Closed Bug 1241265 Opened 8 years ago Closed 8 years ago

TELEMETRY_ARCHIVE_EVICTING_DIRS_MS regression with Nightly buildid >=20160112

Categories

(Toolkit :: Telemetry, defect, P1)

defect
Points:
2

Tracking

()

RESOLVED WORKSFORME
Tracking Status
firefox46 --- affected

People

(Reporter: gfritzsche, Assigned: Dexter)

Details

(Whiteboard: [measurement:client])

Attachments

(1 file)

There are some FHR removal patches in there, but i'm not sure how the FHR removal patches could make us drop that timing.
Maybe if now-removed code had a performance impact on the directory removal?

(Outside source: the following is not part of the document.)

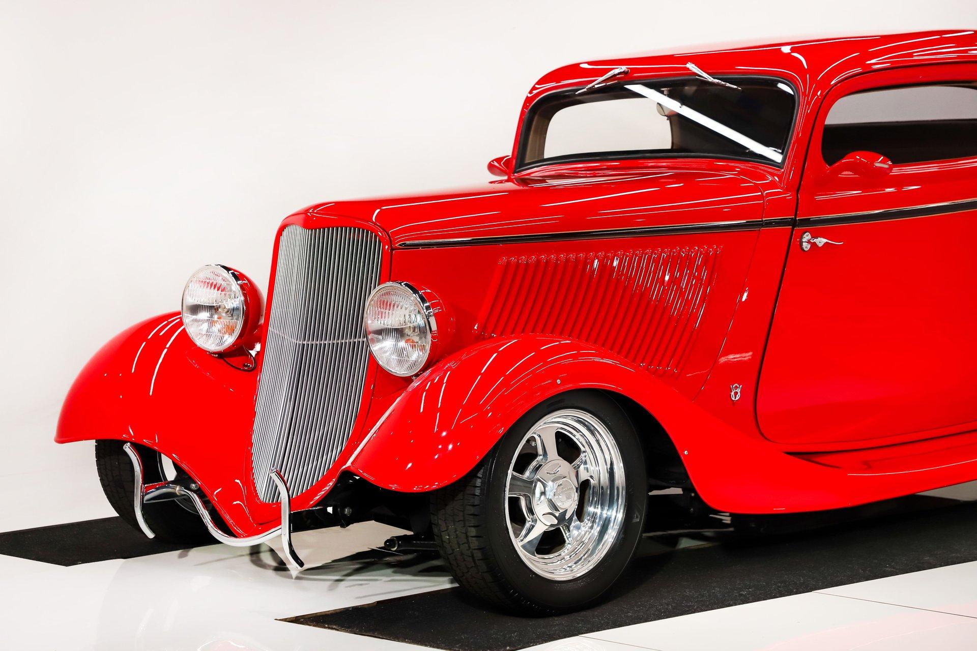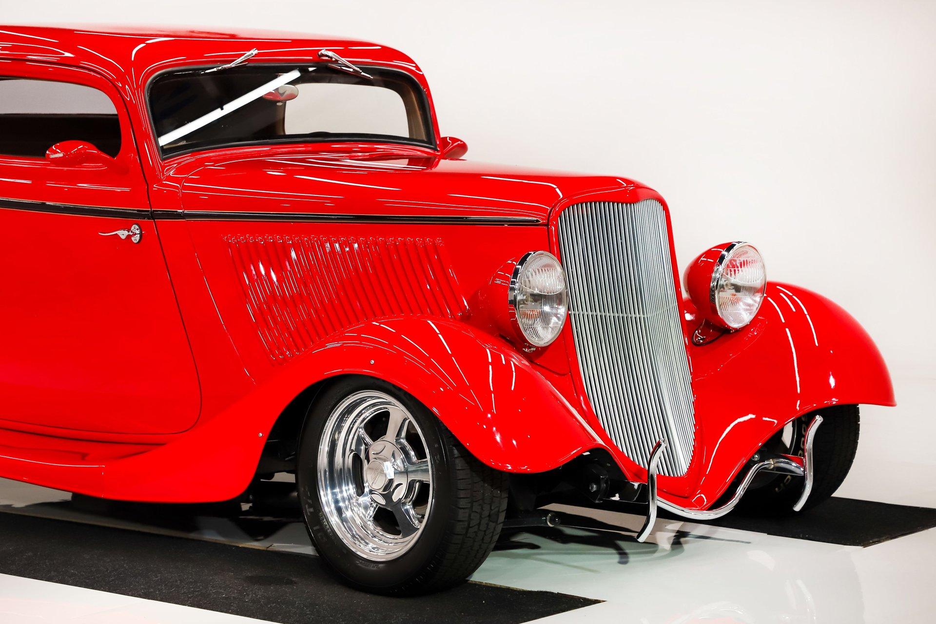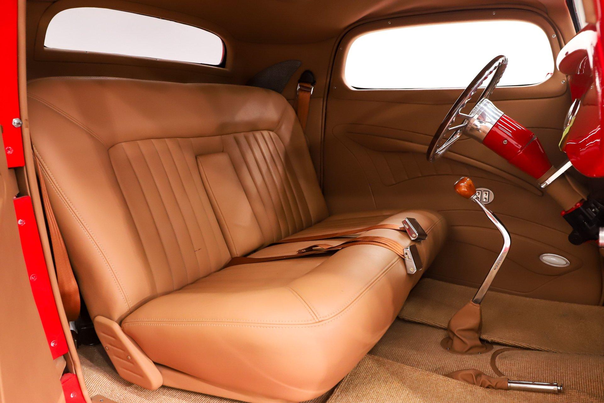 Celebrating our 65 year anniversary! This family owned and operated business was established in 1960, making us the oldest classic car dealership in America. Special thank you to all our customers for entrusting us to park the car of your dreams in your driveway while preserving automotive history for future generations to embrace and enjoy. -Grams family & Volo Museum staff INTRODUCTION: A Ford motor in a Ford with a 5-speed manual! Mostly you will find Chevy motors with an automatic trans. This is a quality build throughout. It incorporates the vintage charm with some modern enhancements making fun to look at and twice as fun to drive! EXTERIOR: Anyone else think of ZZ Top when they look at this car? Its a classic hot rod: ‘33 chopped three window coupe with suicide doors and full fenders. It's a very high quality fiberglass reproduction body that is absolutely straight and fits very nicely. The running boards have some custom curvatures and the hood is a metal three piece that can open from either side. The red paint is polished smooth and glossy. I like that it has original style door handles and original style big headlights. The headlights and lenses have Ford script on them, the turn signals are built in. The mirrors are updated and have built in turn signals too. In back is a set of teardrop LED tail lights and a third brake light below the rear window. It rolls on a really nice set of polished Billet Specialties wheels wrapped in BFGoodrich tires, of course much fatter in back for that hot rod look. INTERIOR: This is a first class interior! The entire inside is upholstered including under the dash and behind the seat. There is a lot of custom sculpture work on the door panels and headliner. It's a very comfortable Wise Guys power seat. Down on the floor it has premium Mercedes style square loop carpet with matching mats. It also has leather boots around the chrome e-brake and the Hurst 5-speed shifter. The dash is clean and simple dash,the controls are below out of site. A nice looking set of easy to read Classic Instrument gauges includes a tachometer and it's showing 3,500 miles since the build. The tilt column has a beautiful deluxe wheel. The stereo is overhead and the speakers are custom integrated into the rear panel. 3 point retractable seatbelts were installed. ENGINE COMPARTMENT: Yes, it has a Ford motor! It's a crate 351W making 365 HP with Roush heads, aluminum intake, a dual feed Holley Street Avenger 670 carb, Mallory Unilite ignition and a set of coated headers. It's dressed up in some very nicely custom painted valve covers and air cleaner. The front of the engine has a polished alternator and polished A/C compressor. The engine bay is a nice smooth red finish. TRUNK COMPARTMENT: The trunk compartment is done with the same amount of detail as the interior! A switch inside the car operates the power lift trunk. It's been boxed beautifully and upholstered. The floor has the premium carpet. Behind the panel you'll find the battery. UNDERSIDE: Powder coated chassis, the frame is boxed and has tubular supports. Up front it has a TCI independent suspension with tubular control arms, swaybar, coilover adjustable gas shocks, rack and pinion steering. In back is a four link system, also with coilover adjustable gas shocks. It has disc brakes at all four of the wheels and a working e-brake assembly. A very nicely bent exhaust system with Flowmaster mufflers and dumps was ceramic coated black. It goes all the way out the back with flared polished tips. It has a composite fuel tank from Tanks Inc, braided stainless fuel lines and an inline chrome filter. Looking up at the motor, it's clean and it has a high torque starter. A heavy duty scatter shield covers a Center Force hydraulic clutch and it has a crate 5-speed Richmond trans. The rebuilt 9 inch locker rear end was powder coated. It is very clean and proper under this one! SERVICE: We take pride in our cars and reputation. Therefore, we built a 2 million dollar, 10,000 square ft service center, and hired a team of technicians to service the essentials on every car we sell. CONCLUSION: This is a well built hot rod with class! For nearly 30 years, I, Jay Grams, have personally written the highlights for almost every car in our collection. What I provide is my professional opinion based on my experience with these vehicles. However, opinions can vary, and I strongly recommend a personal inspection to form your own view. Our sales team is always available to answer any questions you may have. One great option is to request a personalized walk-around video, where we can showcase the car and share our team’s insights. **Our cars are displayed within a museum setting. If you are interested in a specific vehicle, please schedule an appointment with a salesperson to view it. Without an appointment, there is an admission fee to enter the showroom. If you decide to purchase a car, your admission will be refunded, and you'll receive a one-year museum membership. ☎️ 815 385 3644 9-5 central ? Sales@volocars.com Answered ASAP Air conditioning Power steering 4 wheel disc Posi rear Power windows Power seat Power trunk lift Seat belts Tilt wheel Polished wheels

TELEMETRY_ARCHIVE_EVICTING_DIRS_MS histogram is the time it took to remove old (>180 days) ping archive directories.
It significantly dropped (across all platforms) from buildid 20160112 on:
https://telemetry.mozilla.org/new-pipeline/evo.html#!aggregates=median&cumulative=0&end_date=2016-01-17&keys=!__none__!__none__&max_channel_version=nightly%252F46&measure=TELEMETRY_ARCHIVE_EVICTING_DIRS_MS&min_channel_version=nightly%252F46&product=Firefox&sanitize=0&sort_keys=submissions&start_date=2015-12-14&trim=1&use_submission_date=0

... but i don't see any change in how many old directories we evict:
https://telemetry.mozilla.org/new-pipeline/evo.html#!aggregates=median&cumulative=0&end_date=2016-01-17&keys=!__none__!__none__&max_channel_version=nightly%252F46&measure=TELEMETRY_ARCHIVE_EVICTED_OLD_DIRS&min_channel_version=nightly%252F46&product=Firefox&sanitize=0&sort_keys=submissions&start_date=2015-12-14&trim=1&use_submission_date=1

... or in directory ages:
https://telemetry.mozilla.org/new-pipeline/evo.html#!aggregates=median&cumulative=0&end_date=2016-01-17&keys=!__none__!__none__&max_channel_version=nightly%252F46&measure=TELEMETRY_ARCHIVE_OLDEST_DIRECTORY_AGE&min_channel_version=nightly%252F46&product=Firefox&sanitize=0&sort_keys=submissions&start_date=2015-12-14&trim=1&use_submission_date=0

Looking at the code:
https://dxr.mozilla.org/mozilla-central/rev/b67316254602a63bf4e568198a5c7d3288a9db27/toolkit/components/telemetry/TelemetryStorage.jsm#846
https://dxr.mozilla.org/mozilla-central/rev/b67316254602a63bf4e568198a5c7d3288a9db27/toolkit/components/telemetry/TelemetryStorage.jsm#880
... this suggests that we don't get errors thrown from OS.File.removeDir or similar.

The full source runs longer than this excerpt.